115 lines (84 loc) · 6.06 KB

Apache Flink

The FlinkProcessor does feature ETL using Flink as the compute engine. In the following sections we describe the deployment modes supported by FlinkProcessor and the configuration keys accepted by each mode.

Supported Versions

  • Flink 1.16

Deployment Mode

The Flink processor runs the Flink job in one of the following deployment modes:

  • Command-Line mode. This mode should be used if you want to run the FeatHub program using Flink's command-line interface.
  • Session mode. This mode should be used if you want to run the FeatHub program in the Flink session mode. This mode runs Flink jobs in an already running Flink cluster.
  • Kubernetes Application mode. This mode should be used if you want to run the FeatHub program in the Flink application mode on a Kubernetes cluster. This mode creates a dedicated Flink cluster and runs Flink jobs in this cluster.

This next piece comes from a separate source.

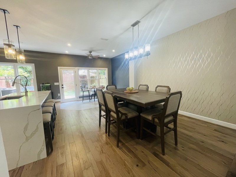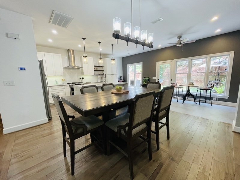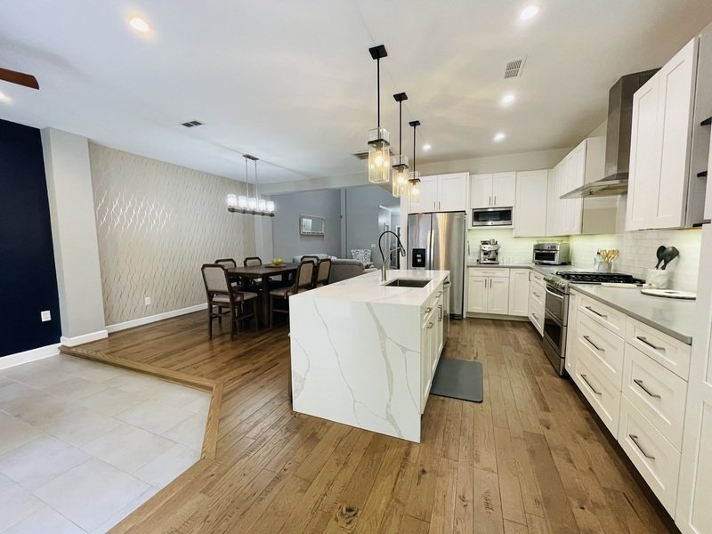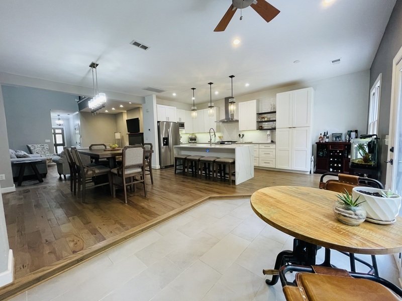 Continuing further, discover the expansive dining area that seamlessly connects to a modern kitchen, complete with stunning countertops, stainless steel appliances, a gas range with a grill, and a sleek extractor hood.

Session mode is the default mode. User can specify the deployment mode with configuration deployment_mode.

Command-Line mode

When running in CLI mode, FeatHub itself will not submit the Flink job to a Flink cluster. Users need to manually submit the FeatHub job as a Flink job using the Flink CLI tool.

A quickstart of how to submit a simple FeatHub job with CLI mode to a standalone Flink cluster can be found in this document.

Session mode

Session mode assumes that there is a running cluster and the Flink job is submitted to the Flink cluster. User needs to specify the master configuration with the address and the port where the JobManager runs.

Specifically, if master is configured to "local", FlinkProcessor would set up a Flink MiniCluster to execute the submitted job. This case can be used for development and proof of concept.

The advantage of session mode is that you do not pay the overhead of spinning up a Flink cluster for every submitted job. And users can convert the features to Pandas dataframe and use libraries in pandas ecosystem. The session mode is convenient for local testing and prototyping. The disadvantage is that it doesn't isolate resource between jobs, which means one misbehaving job can affect other jobs. You can refer to the Flink Docs for explanation of session mode.

A quickstart of how to submit a simple FeatHub job with session mode to a standalone Flink cluster can be found in this document.

Kubernetes Application mode

When running in Kubernetes Application mode, a Flink cluster is created in a Kubernetes cluster per Flink job. This comes with better resource isolation than session mode. You can refer to the Flink Docs for explanation of application mode.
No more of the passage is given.